● **Your instructions**: Write the records below out in full, character for character, with no pictures.

● **Material to process**:
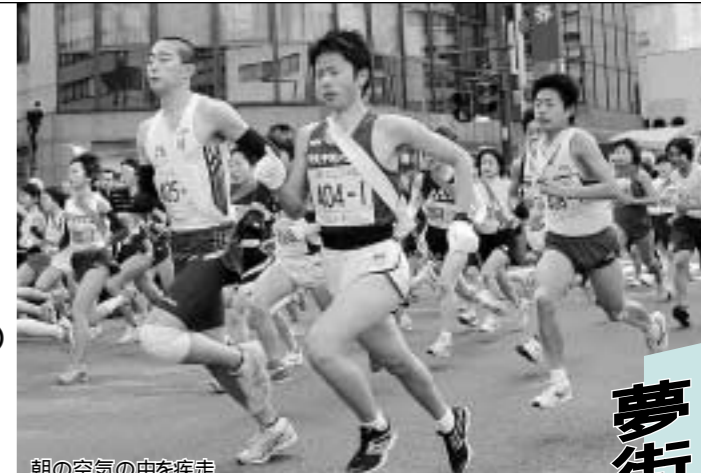
朝の空気の中を疾走
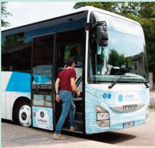
Des bus supplémentaires sont mis en place.

Pour les étudiants rimois qui souhaitent rentrer à Riom-ès-Montagnes pour le week-end, l'inverse est également possible. Au départ de Clermont, le vendredi, un bus a été ajouté à 14h10 pour une arrivée à 16h à Riom, qui vient en complément de celui de 18h35 (arrivée à 20h30). Le dimanche soir, il leur sera ensuite possible de partir de Riom à 16h15 et d'être à Clermont à 18h15 !
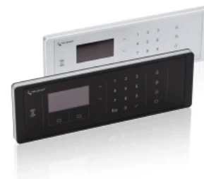
Funk-Bedienteil FBT 250

Das FBT 250 ermöglicht die gezielte Bedienung aller Sicherungsbereiche über die integrierte Tastatur oder über den integrierten RFID-Leser mit Mifare DESFire Transpondern (mit oder ohne AES-Verschlüsselung).
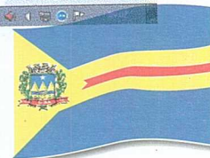
Imagem gráfica e identidade visual
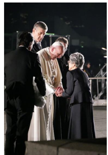
El Papa y un representante de hibakusha en la reunión de Hiroshima

https://www.youtube.com/watch?v=jN19rLPy0CM
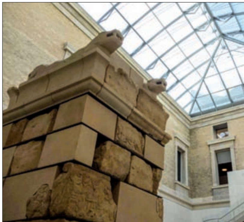
Una de las cúpulas acristaladas del Museo Arqueológico Nacional

No obstante, lo que más destaca de esta nueva etapa es la recuperación de las cubiertas acristaladas en los patios, como ya ocurre en otros edificios europeos, en concreto, el Museo del Louvre en
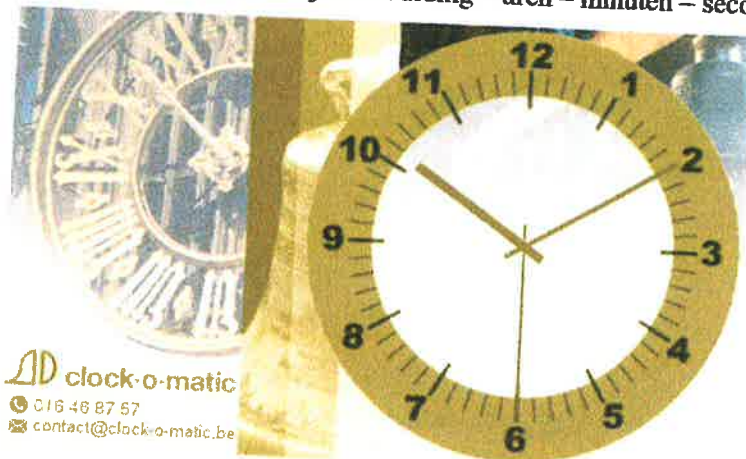
Voorbeeld van een rustscherm

Het rustscherm geeft de tijdsaanduiding – uren – minuten – seconden weer.
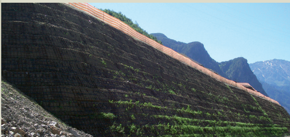
La facciata durante il rinverdimento
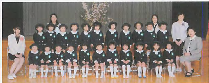
平成 28 年度年中児 れんげぐみ
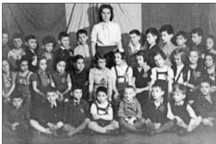
Žáci školy v roce 1941

V pozdějších letech budova sloužila k dalšímu vzdělávání obyvatel Ostravy, sídlila tu jazyková škola. Na jaře roku 1991 byl značně zchátralý objekt v rámci opravy ulice Pivovarské demolován. (M & B)
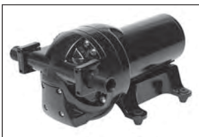
Bomba SHURflo Serie 5900

La bomba sumergible modelo 9300 proporciona muchos años de servicio y puede reconstruirse en el campo con herramientas sencillas. Esta bomba es la favorita de ganaderos, misionero y propietarios de viviendas remotas ya que sólo necesita un pequeño arreglo solar y es de fácil uso. Produce cerca de 3.8 LPM desde una profundidad de 67 metros. 1 año de garantía.
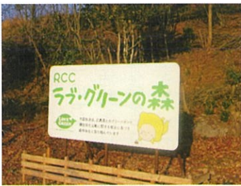
RCC ラブ・グリーン of the Forest
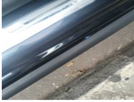
Bas de caisse droite (Autre Défaut)
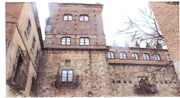
Palacio de Toledo- Moctezuma

Está situado intramuros, al noreste junto a la muralla, accediendo por el Arco de la Estrella desde la plaza Mayor, a la derecha, en la plaza del Conde de Canilleros.
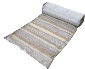
ログインマット 5A 型
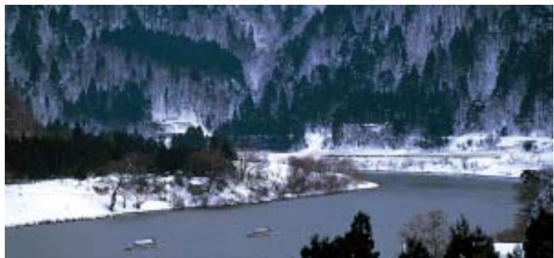
雪景色の最上川（山形県）
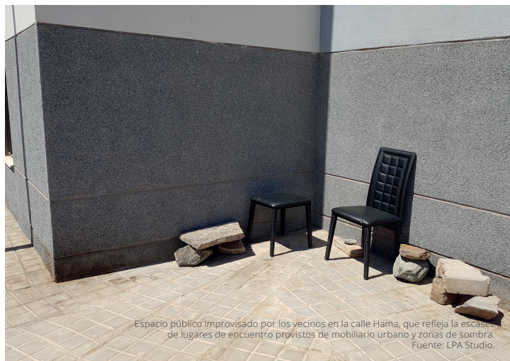
Espacio público improvisado por los vecinos en la calle Hama, que refleja la escasez de lugares de encuentro provistos de mobiliario urbano y zonas de sombra.
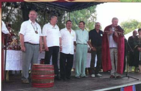
5 új tagot avatott a Szent Márton Borrend
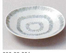
239-28-206 たんぼぼ四方3.5取皿 300円 13×12.6×2.1cm 24630204
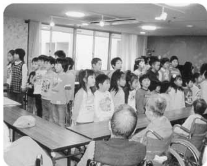
12月25日 黒河・第2粟野児童クラブ友愛訪問、元気に歌ってくれました。
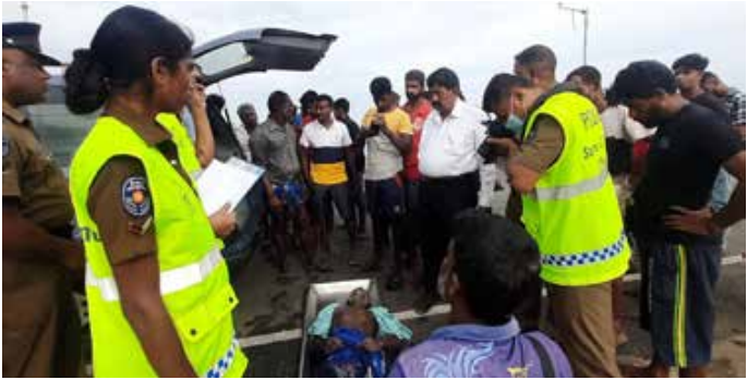
(கலையமுதன்) யாழ்ப்பாணம், ஜூலை 07 யாழ்ப்பாணம் பண்ணை கடற்கரைப் பகுதியில் முதியவரின் ஒருவரின் சடலம் நேற்றைய தினம் மீட்கப்பட்டுள்ளது.
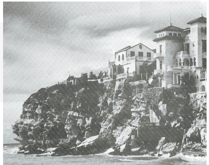
Castell de Benidorm

l'escassetat de població cristiana, al fet que per motius religiosos musulmans i cristians no podien tenir les mateixes. També s'a nomena el bany, element típic del món musulmà per tal de complir el precepte de la puresa ritual que estableix l'Alcorà i que sol aparéixer a les cartes de poblament musulmanes. Finalment, s'inclouen els arrossars entre els monopolis senyorials i és molt probable que estarien treballats per musulmans, per l'experiència que en tenien. Segons Rafael Azuar, el cultiu de l'arròs en Sharq al-Andalus s'havia introduït al segle XI quan, com a conseqüència de les guerres civils subsegüents a la caiguda del Califat de Còrdova, moltes persones d'Andalusia fugiren cap a la nostra zona i renovaren la seua agricultura. Tot utilitzant les zones d'albuferes i marjals del litoral feren de Sharq al-Andalus un dels centres més importants del cultiu de l'arròs. A Benidorm, aquest cultiu es localitzaria, possiblement, a la zona d'albufera del racó de l'Oix. Les alqueries eren també un monopoli que es reservava Bernat de Sarrià i si estaven treballades per mudèjars eren més rendibles.
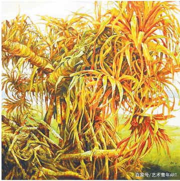
周铁利油画作品《盛夏的野菠萝》

他创作的《生命阳光》《绿的音符》《盛夏的野菠萝》《多彩的阳光系列》《三角梅系列》《红树林系列》《热带雨林奏鸣曲》等作品,合理吸收西方的色彩观念,突出色彩,强化光感,表现光感在热带雨林植物中的微妙变化。并尽量利用纯色,加强色的对比。强调色彩的质量感和材料属性,强化光的照射和传统
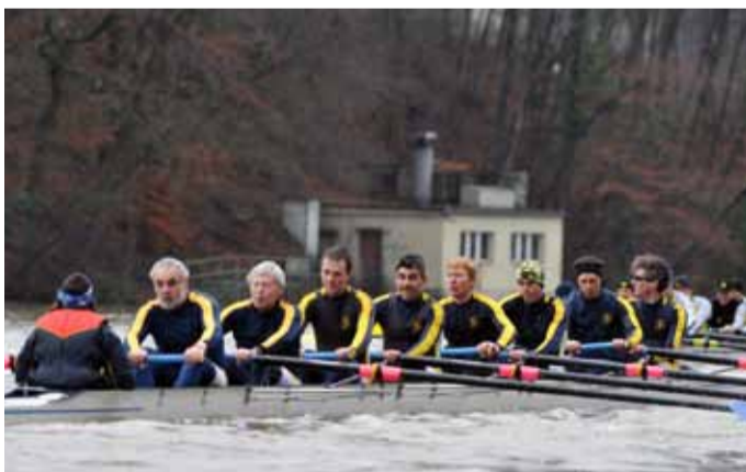
Polytechniker RC Zürich Masters
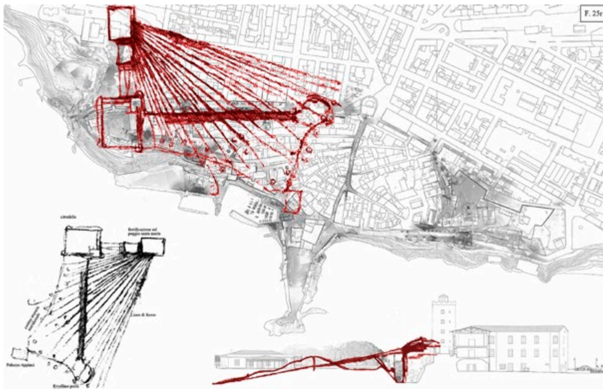
Figura 3. Scheda di analisi dei dati desunti da una delle pagine del Codice II di Madrid, il f. 25r. Dopo aver ridisegnato gli schizzi leonardiani, i risultati sono stati scalati, senza variare i rapporti dimensionali, e sovraapposti al rilievo architettonico per verificare le corrispondenze tra i segni grafici e le strutture oggi esistenti; il disegno è stato inoltre approfondito cercando di evidenziare le intenzioni della rappresentazione e di illustrare i significati degli oggetti rappresentati. Elaborazione degli autori.
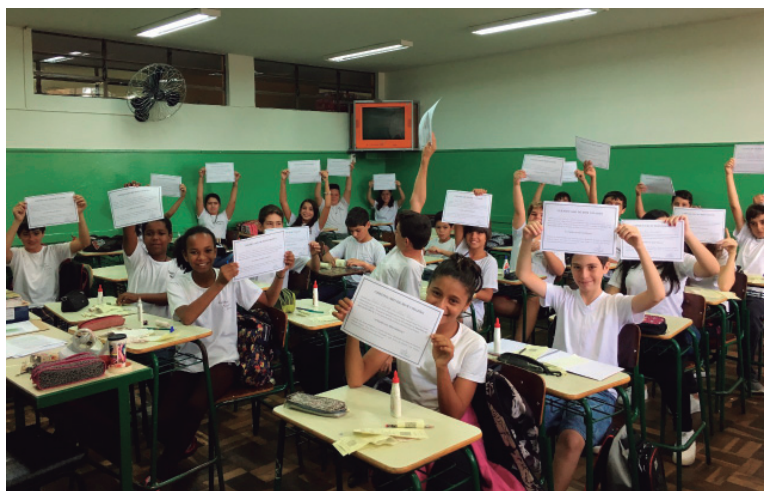
O projeto uniu alunos, servidores e a população em uma ação de engajamento social

essa formação e se envolveram em diversas atividades sobre o tema, como exposições artísticas, peças de teatro, confecção de urnas e objetos de arte fabricados com cupons fiscais recolhidos no comércio, trabalhos de conscientização com a comunidade, etc. "Desenvolver conteúdo de educação fiscal é muito mais do que trabalhar a cidadania. Você trabalha humanização", diz a professora Deo-
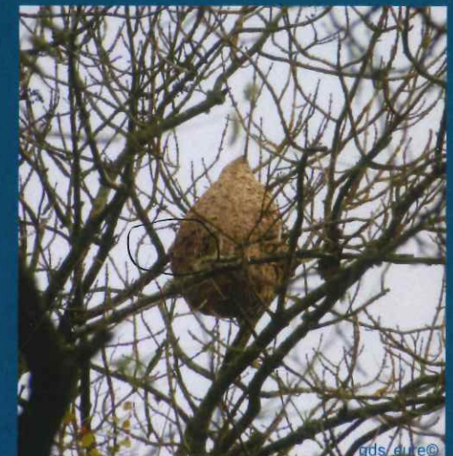
Nid secondaire (40 cm à 1 m) situé principalement en hauteur
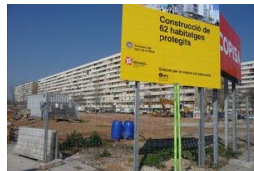
Una promoció d'habitatges protegits d'Incasol a Sant Adrià del Besòs
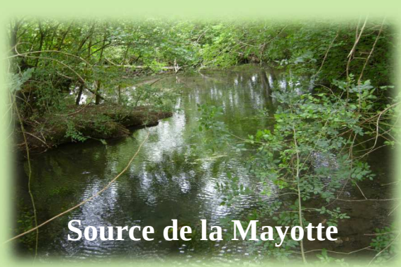
Source de la Mayotte
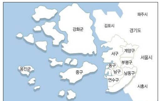
<그림 1> 인천광역시 행정구역

3개의 지역으로 구분하였지만 군집 분석에 사용된 변수에 따라 각 구와 군은 다른 군집에 속할 수 있다는 점과 명확하게 원도심, 신도심, 도농 복합도심으로 구분되기는 쉽지 않고 각 특성이 어느 정도 혼재되어 있는 것이 연구의 제한점이다. 이 제한점을 보완하기 위해 윤현위(2008)와 윤호(2012)의 연구를 기반으로 하여 인천시 제도공간의 변화와 <그림 1>과 같이 8개구 2개 군으로 이루어진 인천광역시의 인구, 주거, 문화 기반 시설, 공공도서관 현황으로 분류하여 그 지역의 특성을 살펴보고자 한다.
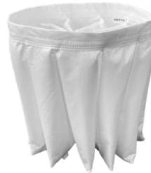
PTFE Filtru PTFE (clasa M EN 60335-2-69)
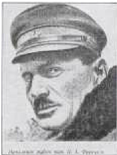
Jøden, Naftaliy Aronsohn Frenkel. Chef for arbejde i lejrene, en højtstående GPU- tjenestemand.

"Kære ven: Vi er i nød og tvunget til at bede dig om din hjælp og støtte. Da vi blev bragt hertil, måtte vi ikke medbringe noget, ikke engang vores sidste ko. Vi er i en skov i en lejr. Vi er baptister, en gruppe af syv - jeg er invalid og kan ikke arbejde. Svar venligst om vi kan hjælpes, for vi er fordømt uden hjælp. Med hilsener og en inderlig begæring...."
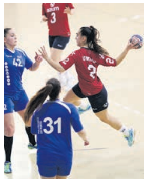
Equipa de andebol feminino da AAUM disputa hoje as meias-finais, já as equipas do futebol e basquetebol os jogos dos 'quartos'

O voleibol, apesar de ter sofrido uma derrota por dois sets a

● **Exercise result**:
朝の空気の中を疾走
Des bus supplémentaires sont mis en place.

Pour les étudiants rimois qui souhaitent rentrer à Riom-ès-Montagnes pour le week-end, l'inverse est également possible. Au départ de Clermont, le vendredi, un bus a été ajouté à 14h10 pour une arrivée à 16h à Riom, qui vient en complément de celui de 18h35 (arrivée à 20h30). Le dimanche soir, il leur sera ensuite possible de partir de Riom à 16h15 et d'être à Clermont à 18h15 !
Funk-Bedienteil FBT 250

Das FBT 250 ermöglicht die gezielte Bedienung aller Sicherungsbereiche über die integrierte Tastatur oder über den integrierten RFID-Leser mit Mifare DESFire Transpondern (mit oder ohne AES-Verschlüsselung).
Imagem gráfica e identidade visual
El Papa y un representante de hibakusha en la reunión de Hiroshima

https://www.youtube.com/watch?v=jN19rLPy0CM
Una de las cúpulas acristaladas del Museo Arqueológico Nacional

No obstante, lo que más destaca de esta nueva etapa es la recuperación de las cubiertas acristaladas en los patios, como ya ocurre en otros edificios europeos, en concreto, el Museo del Louvre en
Voorbeeld van een rustscherm

Het rustscherm geeft de tijdsaanduiding – uren – minuten – seconden weer.
La facciata durante il rinverdimento
平成 28 年度年中児 れんげぐみ
Žáci školy v roce 1941

V pozdějších letech budova sloužila k dalšímu vzdělávání obyvatel Ostravy, sídlila tu jazyková škola. Na jaře roku 1991 byl značně zchátralý objekt v rámci opravy ulice Pivovarské demolován. (M & B)
Bomba SHURflo Serie 5900

La bomba sumergible modelo 9300 proporciona muchos años de servicio y puede reconstruirse en el campo con herramientas sencillas. Esta bomba es la favorita de ganaderos, misionero y propietarios de viviendas remotas ya que sólo necesita un pequeño arreglo solar y es de fácil uso. Produce cerca de 3.8 LPM desde una profundidad de 67 metros. 1 año de garantía.
RCC ラブ・グリーン of the Forest
Bas de caisse droite (Autre Défaut)
Palacio de Toledo- Moctezuma

Está situado intramuros, al noreste junto a la muralla, accediendo por el Arco de la Estrella desde la plaza Mayor, a la derecha, en la plaza del Conde de Canilleros.
ログインマット 5A 型
雪景色の最上川（山形県）
Espacio público improvisado por los vecinos en la calle Hama, que refleja la escasez de lugares de encuentro provistos de mobiliario urbano y zonas de sombra.
5 új tagot avatott a Szent Márton Borrend
239-28-206 たんぼぼ四方3.5取皿 300円 13×12.6×2.1cm 24630204
12月25日 黒河・第2粟野児童クラブ友愛訪問、元気に歌ってくれました。
(கலையமுதன்) யாழ்ப்பாணம், ஜூலை 07 யாழ்ப்பாணம் பண்ணை கடற்கரைப் பகுதியில் முதியவரின் ஒருவரின் சடலம் நேற்றைய தினம் மீட்கப்பட்டுள்ளது.
Castell de Benidorm

l'escassetat de població cristiana, al fet que per motius religiosos musulmans i cristians no podien tenir les mateixes. També s'a nomena el bany, element típic del món musulmà per tal de complir el precepte de la puresa ritual que estableix l'Alcorà i que sol aparéixer a les cartes de poblament musulmanes. Finalment, s'inclouen els arrossars entre els monopolis senyorials i és molt probable que estarien treballats per musulmans, per l'experiència que en tenien. Segons Rafael Azuar, el cultiu de l'arròs en Sharq al-Andalus s'havia introduït al segle XI quan, com a conseqüència de les guerres civils subsegüents a la caiguda del Califat de Còrdova, moltes persones d'Andalusia fugiren cap a la nostra zona i renovaren la seua agricultura. Tot utilitzant les zones d'albuferes i marjals del litoral feren de Sharq al-Andalus un dels centres més importants del cultiu de l'arròs. A Benidorm, aquest cultiu es localitzaria, possiblement, a la zona d'albufera del racó de l'Oix. Les alqueries eren també un monopoli que es reservava Bernat de Sarrià i si estaven treballades per mudèjars eren més rendibles.
周铁利油画作品《盛夏的野菠萝》

他创作的《生命阳光》《绿的音符》《盛夏的野菠萝》《多彩的阳光系列》《三角梅系列》《红树林系列》《热带雨林奏鸣曲》等作品,合理吸收西方的色彩观念,突出色彩,强化光感,表现光感在热带雨林植物中的微妙变化。并尽量利用纯色,加强色的对比。强调色彩的质量感和材料属性,强化光的照射和传统
Polytechniker RC Zürich Masters
Figura 3. Scheda di analisi dei dati desunti da una delle pagine del Codice II di Madrid, il f. 25r. Dopo aver ridisegnato gli schizzi leonardiani, i risultati sono stati scalati, senza variare i rapporti dimensionali, e sovraapposti al rilievo architettonico per verificare le corrispondenze tra i segni grafici e le strutture oggi esistenti; il disegno è stato inoltre approfondito cercando di evidenziare le intenzioni della rappresentazione e di illustrare i significati degli oggetti rappresentati. Elaborazione degli autori.
O projeto uniu alunos, servidores e a população em uma ação de engajamento social

essa formação e se envolveram em diversas atividades sobre o tema, como exposições artísticas, peças de teatro, confecção de urnas e objetos de arte fabricados com cupons fiscais recolhidos no comércio, trabalhos de conscientização com a comunidade, etc. "Desenvolver conteúdo de educação fiscal é muito mais do que trabalhar a cidadania. Você trabalha humanização", diz a professora Deo-
Nid secondaire (40 cm à 1 m) situé principalement en hauteur
Una promoció d'habitatges protegits d'Incasol a Sant Adrià del Besòs
Source de la Mayotte
<그림 1> 인천광역시 행정구역

3개의 지역으로 구분하였지만 군집 분석에 사용된 변수에 따라 각 구와 군은 다른 군집에 속할 수 있다는 점과 명확하게 원도심, 신도심, 도농 복합도심으로 구분되기는 쉽지 않고 각 특성이 어느 정도 혼재되어 있는 것이 연구의 제한점이다. 이 제한점을 보완하기 위해 윤현위(2008)와 윤호(2012)의 연구를 기반으로 하여 인천시 제도공간의 변화와 <그림 1>과 같이 8개구 2개 군으로 이루어진 인천광역시의 인구, 주거, 문화 기반 시설, 공공도서관 현황으로 분류하여 그 지역의 특성을 살펴보고자 한다.
PTFE Filtru PTFE (clasa M EN 60335-2-69)
Jøden, Naftaliy Aronsohn Frenkel. Chef for arbejde i lejrene, en højtstående GPU- tjenestemand.

"Kære ven: Vi er i nød og tvunget til at bede dig om din hjælp og støtte. Da vi blev bragt hertil, måtte vi ikke medbringe noget, ikke engang vores sidste ko. Vi er i en skov i en lejr. Vi er baptister, en gruppe af syv - jeg er invalid og kan ikke arbejde. Svar venligst om vi kan hjælpes, for vi er fordømt uden hjælp. Med hilsener og en inderlig begæring...."
Equipa de andebol feminino da AAUM disputa hoje as meias-finais, já as equipas do futebol e basquetebol os jogos dos 'quartos'

O voleibol, apesar de ter sofrido uma derrota por dois sets a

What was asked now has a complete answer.